Saturday, March 02, 2019

What should apologists do?

The participants in this debate are less intent to win the debate than to promote their own favored version of atheism or theism, for Haldane that being Thomistic Roman Catholicism and for Smart a scientistic species of atheism. The debate would have had more meaning for the students to whom it is supposed to be directed according to the book's cover if the debators had defended a more generic version of their respective theses, thereby freeing them from having to make use of controversial metaphysical doctrines that are not familiar to students and which the debators do not have sufficient space to explain and defend properly. This would have made it more of a real debate. By tying his atheism to a reductive materialistic metaphysics, Smart gives away a significant advantage that the atheist has over the theist in the debate; for whereas theism is committed to a metaphysics that requires the existence of nonembodied spiritual substances, namely God and finite souls, atheism is not committed to any specific metaphysics and thus is less vulnerable than theism. Smart would have done better to base his atheism on the inductive argument from the apparently gratuitous evils of the world rather than the more vulnerable reductive physicalism. 

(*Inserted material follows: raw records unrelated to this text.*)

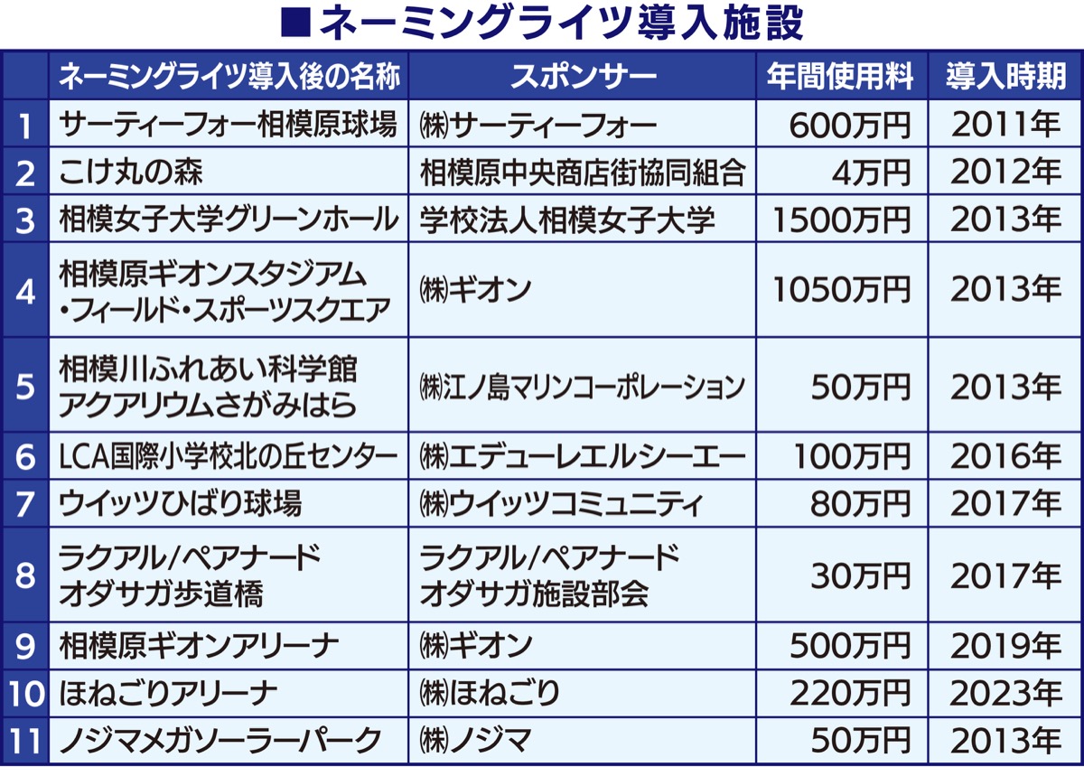 スポーツ・文化施設などの名称にスポンサー企業の社名や商品名を付与する権利を売却し、財源確保に充てる「ネーミングライツ制度」。相模原市では2011年に相模原球場で導入して以降、文化会館や科学館、体育館でも導入してきた。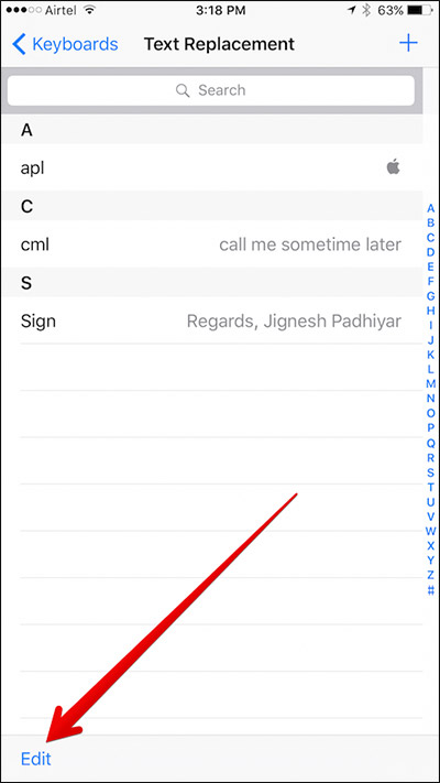 Étape 2: Appuyez sur le raccourci texte que vous souhaitez modifier.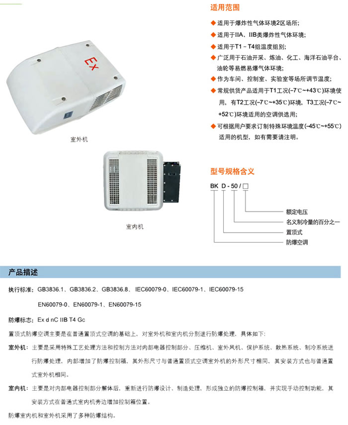 BKD系列防爆置頂式空調(diào)(ⅡB)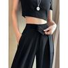 Новые летние черные широкие брюки для женщин с высокой талией, свободные повседневные брюки в пол, повседневные прямые брюки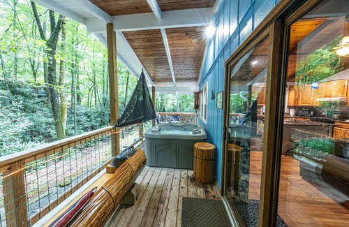Mountain Shadows is a comfortable cottage built next to a babbling brook. Imagine driving down a country lane to a cottage nestled in the woodland. The cottage is on a quiet, peaceful street conveniently located between Brevard and Hendersonville, NC. There is a large porch where you can eat meals outside, have your morning coffee, or just enjoy relaxing in the mountain air. The Hot Tub is on the covered porch also; overlooking the babbling brook. There is a nice view of the woods and longer range views during winter time.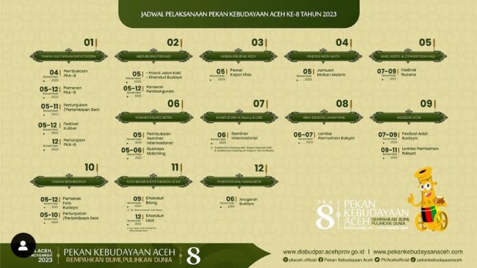 Nukilan.id – Ajang Pekan kebudayaan Aceh (PKA) ke-8 Tahun 2023 sudah dibuka sejak Sabtu (4/11/2023) malam lalu. Berbagai acara dan perlombaan diadakan untuk menyemarakkan ajang lima tahunan ini di beberapa titik lokasi di Kota Banda Aceh sejak 4-12 November 2023.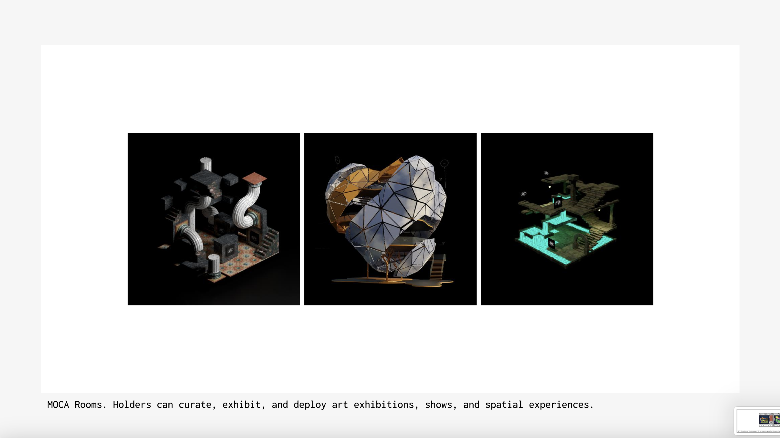Land that evolves as holders and visitors interact with it via art curation e.g. MOCA ROOMS, or land builds and gameplay e.g. Upstreet, Hyperfy, Otherdeeds, Voxels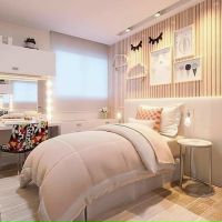 Здесь все уже намного серьезнее, чем в комнате ребенка с множеством мягких игрушек и безделушек, но еще не так выдержано и строго, как в помещении для зрелого человека. При упоминании спальни для девушки в голове рисуется образ светлой просторной спальни с красивыми шторами, большим зеркалом, туалетным столиком и пледом на кровати в цвет обоев. Однако во всю эту красоту необходимо как-то вписать как минимум шкаф для одежды и письменный стол.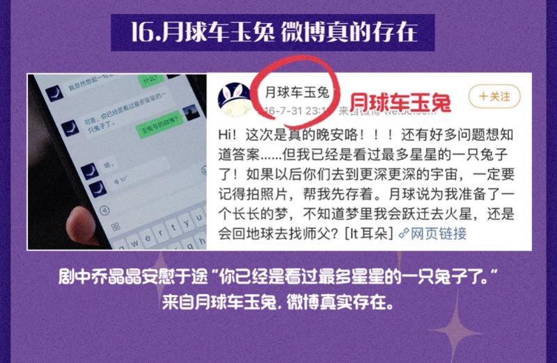 16. 劇中喬晶晶安慰于途:「你已經是看過最多行星的一只兔子了」,這是來自月球車玉兔的微博,是真實存在的哦!!!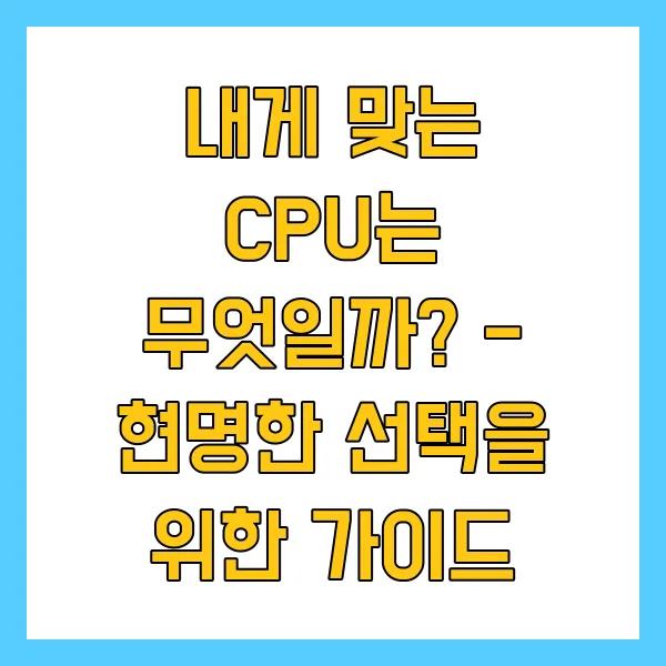 내게 맞는 CPU는 무엇일까? - 현명한 선택을 위한 가이드

This manner of refutation seems to violate the principle of minimal ordinance enjoining us to use the weakest premises that are needed to establish a desired conclusion, for there should be a refutation that does not need to commit itself to a highly controversial nonobjectivist theory of ethics. 

And, finally, Haldane gives an account of his particular brand of theism, namely Catholicism. While the account is not unattractive, it is perhaps somewhat out of place in a book where the question is the general one whether there is or is not a God. 

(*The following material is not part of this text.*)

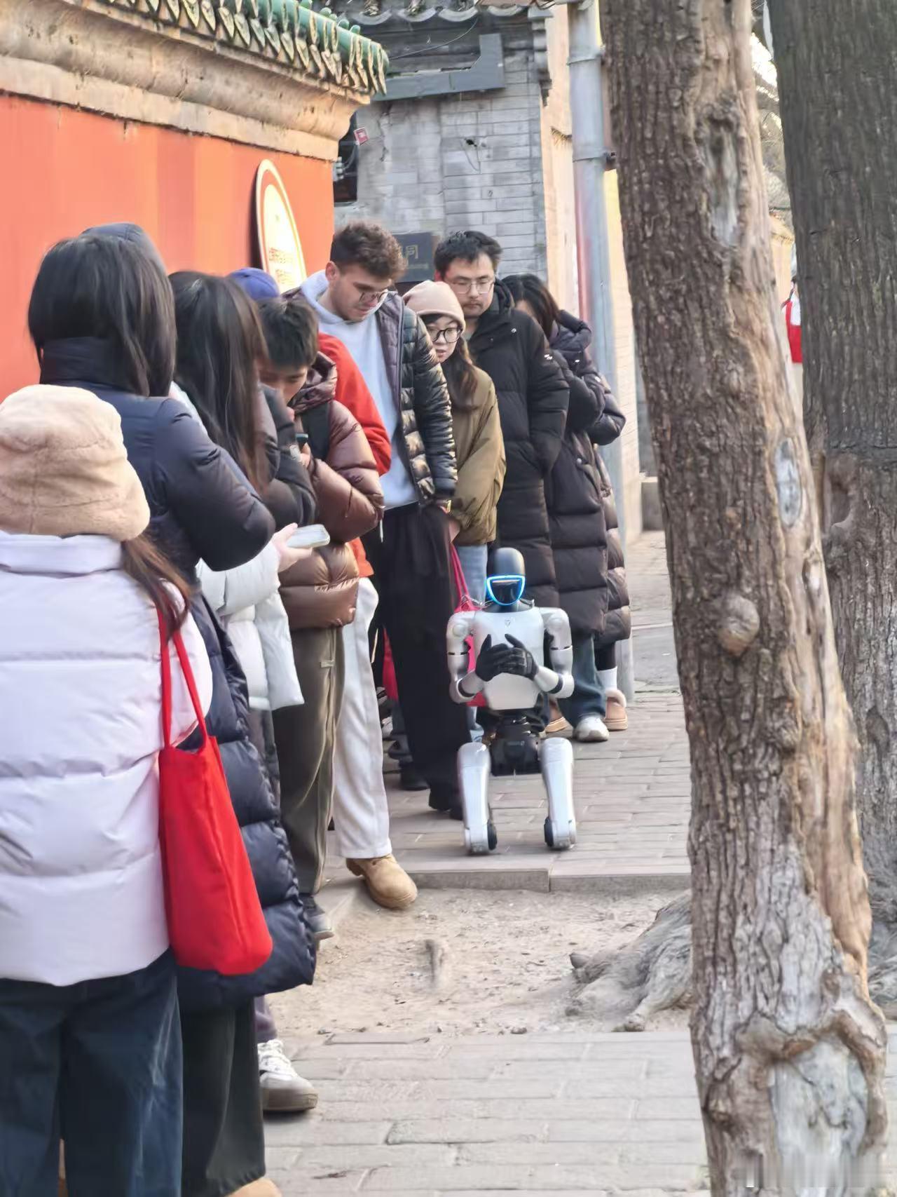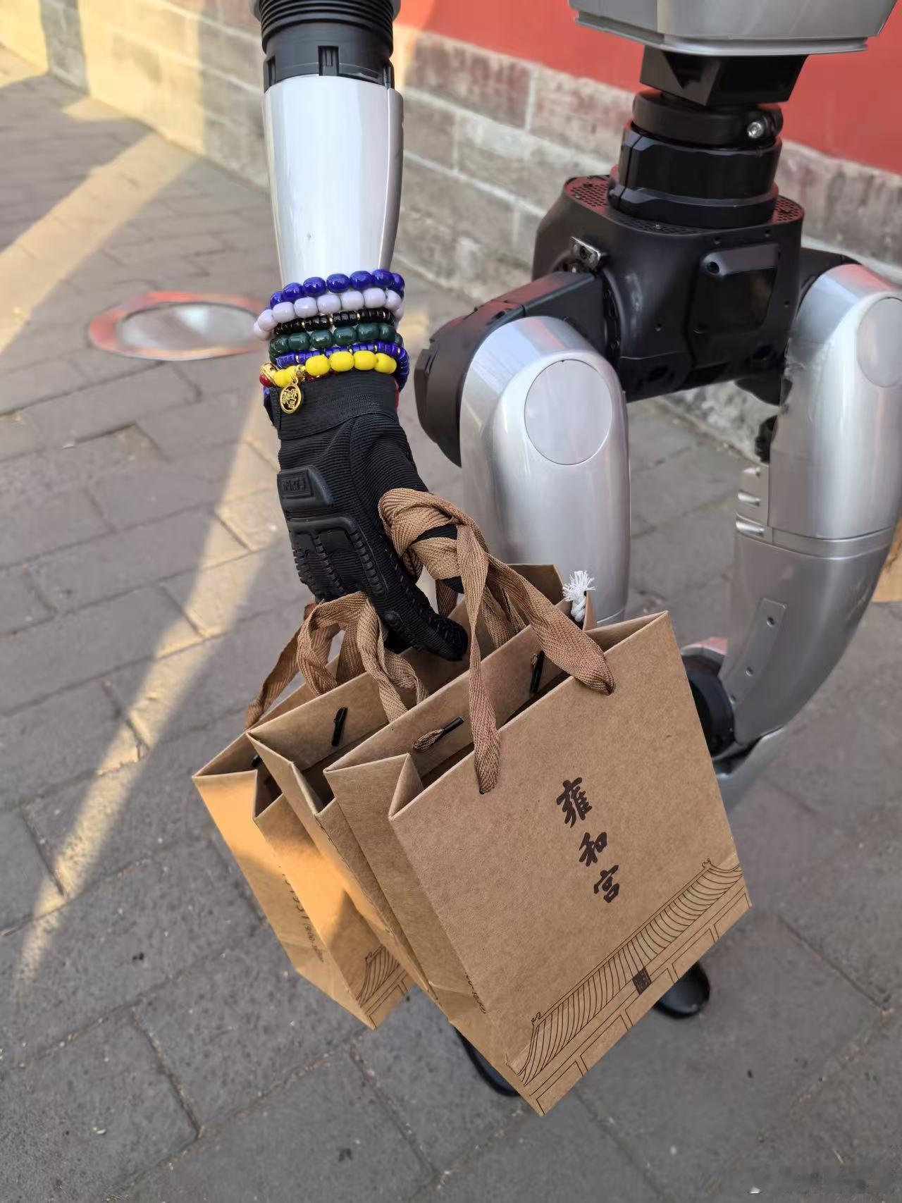 发明机器人在雍和宫祈福的是天才雍和宫的腊八因祈福机器人变得与众不同!从容递粥动作优雅,接过热腊八粥慢饮,寒意尽散,粥里藏着对新岁的万般期许。抽福签拍氛围感 瞬 间,仪式简单却庄重,满是治愈与崭新的希望。

This raises an issue in apologetic methodology. On the one hand it's popular and prudent for apologists to defend less than they believe. To defend the least ambitious position sufficient to prove their immediate point. The tactical advantage of so doing is that defending the least ambitious formulation has the lowest burden of proof. 

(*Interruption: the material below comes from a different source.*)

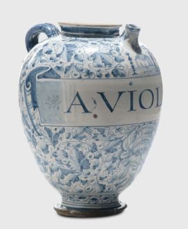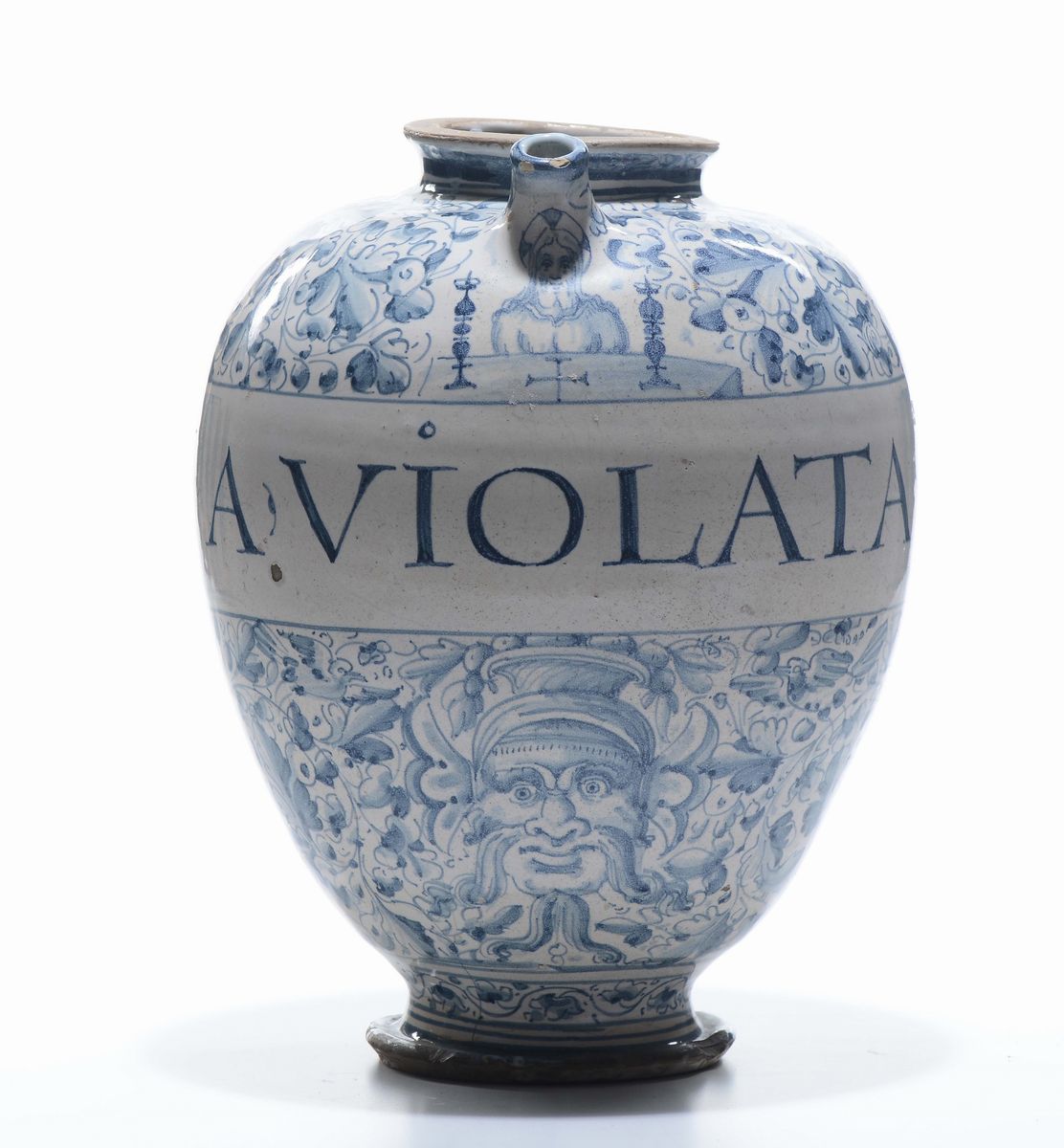 Maiolica a gran fuoco in monocromia, altezza cm 34,5Sbeccature alla baseCorpo ovoidale, basso piede svasato, bocca rastremata estroflessa. Pipiolo cilindrico. Ansa ad orecchio con tortiglioni e sottostante mascherone a rilievo.Decorazione con “foglie partite” bacche e uccelli. Cartiglio con iscrizione farmaceutica “ A. VIOLATA”, con sottostante mascherone e sovrastante figura di Cristo a mezzo busto.

On the other hand, a weakness or limitation of that tactic is that when they artificially confine themselves to defending less than they believe, they may never get around to defending their full-orbed position. But if they're not prepared to defend the whole package, because that's more demanding, because that raises the burden of proof, then they've failed to defend their actual position.

It's refreshing that Smart and Haldane go for broke by defending what they actually believe, rather than a safer surrogate position. They don't hold back.

If apologists lack the confidence to defend the whole package, why do they believe the whole package? Presumably they have reasons for believing the entire package, so at least on occasion shouldn't they make a case for their full-orbed position even if it means exposing more of their flank to hostile fire? If they can't argue for the totality of their position, what's their basis for believing more than they are prepared to defend? 

I think there are many situations in which the minimalistic approach is strategically legitimate. But it's a serious deficiency if the apologist never gets beyond that. Ultimately, this isn't a question of strategy but defending what you really believe. At least that should be the ultimate goal.